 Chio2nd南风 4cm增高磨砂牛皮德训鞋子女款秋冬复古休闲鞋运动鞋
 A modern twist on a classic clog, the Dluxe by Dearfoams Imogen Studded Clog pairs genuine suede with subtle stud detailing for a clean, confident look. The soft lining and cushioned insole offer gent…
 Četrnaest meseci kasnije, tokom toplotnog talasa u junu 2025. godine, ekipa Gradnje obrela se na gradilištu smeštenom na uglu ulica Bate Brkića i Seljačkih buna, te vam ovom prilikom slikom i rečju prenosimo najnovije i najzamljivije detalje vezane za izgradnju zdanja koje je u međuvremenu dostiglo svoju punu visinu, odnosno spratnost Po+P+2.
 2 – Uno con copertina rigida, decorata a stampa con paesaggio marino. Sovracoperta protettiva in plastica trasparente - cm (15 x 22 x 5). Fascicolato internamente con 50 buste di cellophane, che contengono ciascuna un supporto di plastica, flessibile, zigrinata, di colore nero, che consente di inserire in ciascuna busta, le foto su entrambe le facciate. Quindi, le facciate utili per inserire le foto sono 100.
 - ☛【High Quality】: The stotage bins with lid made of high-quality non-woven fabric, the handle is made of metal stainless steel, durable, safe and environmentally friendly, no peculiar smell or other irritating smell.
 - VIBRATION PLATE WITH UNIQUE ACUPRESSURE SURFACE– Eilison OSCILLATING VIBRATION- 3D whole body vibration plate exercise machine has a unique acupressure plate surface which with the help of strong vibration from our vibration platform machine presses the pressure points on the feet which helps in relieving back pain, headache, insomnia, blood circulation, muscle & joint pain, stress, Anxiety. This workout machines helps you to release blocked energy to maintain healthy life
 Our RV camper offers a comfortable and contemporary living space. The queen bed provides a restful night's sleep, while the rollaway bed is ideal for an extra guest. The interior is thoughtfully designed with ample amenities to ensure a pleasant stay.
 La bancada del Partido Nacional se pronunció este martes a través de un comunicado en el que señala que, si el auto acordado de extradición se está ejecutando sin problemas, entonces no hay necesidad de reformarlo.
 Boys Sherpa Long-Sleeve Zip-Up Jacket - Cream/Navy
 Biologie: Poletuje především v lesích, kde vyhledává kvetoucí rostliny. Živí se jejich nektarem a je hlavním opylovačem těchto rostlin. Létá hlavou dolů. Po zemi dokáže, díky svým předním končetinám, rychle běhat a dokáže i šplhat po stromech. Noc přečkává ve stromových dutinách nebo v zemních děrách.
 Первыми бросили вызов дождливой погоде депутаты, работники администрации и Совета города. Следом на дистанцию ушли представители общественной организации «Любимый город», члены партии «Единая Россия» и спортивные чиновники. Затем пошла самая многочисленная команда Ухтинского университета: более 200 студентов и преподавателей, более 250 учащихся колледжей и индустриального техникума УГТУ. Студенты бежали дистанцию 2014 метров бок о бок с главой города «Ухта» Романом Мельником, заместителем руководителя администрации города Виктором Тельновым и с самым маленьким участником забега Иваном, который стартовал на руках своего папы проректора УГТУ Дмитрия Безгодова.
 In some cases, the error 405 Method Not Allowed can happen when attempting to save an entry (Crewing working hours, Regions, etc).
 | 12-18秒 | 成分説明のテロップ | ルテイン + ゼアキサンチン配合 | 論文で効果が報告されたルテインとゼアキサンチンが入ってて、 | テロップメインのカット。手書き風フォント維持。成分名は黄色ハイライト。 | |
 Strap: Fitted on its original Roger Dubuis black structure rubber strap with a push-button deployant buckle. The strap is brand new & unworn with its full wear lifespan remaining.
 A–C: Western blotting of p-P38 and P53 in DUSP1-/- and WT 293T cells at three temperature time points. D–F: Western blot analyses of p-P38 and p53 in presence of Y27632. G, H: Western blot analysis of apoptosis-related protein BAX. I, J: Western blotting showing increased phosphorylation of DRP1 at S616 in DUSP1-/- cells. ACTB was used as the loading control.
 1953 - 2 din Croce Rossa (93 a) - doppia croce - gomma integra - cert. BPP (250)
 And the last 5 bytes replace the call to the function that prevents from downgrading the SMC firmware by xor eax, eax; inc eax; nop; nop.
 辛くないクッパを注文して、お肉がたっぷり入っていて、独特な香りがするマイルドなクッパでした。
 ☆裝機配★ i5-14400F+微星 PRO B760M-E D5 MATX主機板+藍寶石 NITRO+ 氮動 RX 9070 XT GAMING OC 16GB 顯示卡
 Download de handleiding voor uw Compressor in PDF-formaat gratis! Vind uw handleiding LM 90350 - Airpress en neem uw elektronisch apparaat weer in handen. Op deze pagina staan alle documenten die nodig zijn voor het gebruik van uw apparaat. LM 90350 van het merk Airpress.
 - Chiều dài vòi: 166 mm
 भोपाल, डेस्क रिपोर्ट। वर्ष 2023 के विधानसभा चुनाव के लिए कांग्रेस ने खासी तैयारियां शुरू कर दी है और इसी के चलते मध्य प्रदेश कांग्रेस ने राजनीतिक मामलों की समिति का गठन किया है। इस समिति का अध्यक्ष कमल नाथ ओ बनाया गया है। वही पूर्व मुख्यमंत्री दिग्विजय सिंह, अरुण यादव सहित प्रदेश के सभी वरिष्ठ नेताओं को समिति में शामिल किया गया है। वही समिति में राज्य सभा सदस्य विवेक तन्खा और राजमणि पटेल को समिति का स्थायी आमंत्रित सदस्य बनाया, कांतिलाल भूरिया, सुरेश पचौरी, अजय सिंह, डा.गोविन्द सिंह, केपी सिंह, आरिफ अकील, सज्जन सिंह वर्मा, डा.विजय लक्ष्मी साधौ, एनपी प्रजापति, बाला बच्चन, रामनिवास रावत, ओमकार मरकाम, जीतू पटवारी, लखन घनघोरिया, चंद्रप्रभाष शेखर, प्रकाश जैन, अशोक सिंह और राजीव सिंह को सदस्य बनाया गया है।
◆ ◆ ◆ ◆ ◆ ◆ ◆
## EXERCISE DESCRIPTION:
The required output is the stretch of entries above from the line containing "OC 16GB 顯示卡" through the line containing "- Chiều dài vòi: 166 mm", reproduced exactly.

## ANSWER SPACE:
 ☆裝機配★ i5-14400F+微星 PRO B760M-E D5 MATX主機板+藍寶石 NITRO+ 氮動 RX 9070 XT GAMING OC 16GB 顯示卡
 Download de handleiding voor uw Compressor in PDF-formaat gratis! Vind uw handleiding LM 90350 - Airpress en neem uw elektronisch apparaat weer in handen. Op deze pagina staan alle documenten die nodig zijn voor het gebruik van uw apparaat. LM 90350 van het merk Airpress.
 - Chiều dài vòi: 166 mm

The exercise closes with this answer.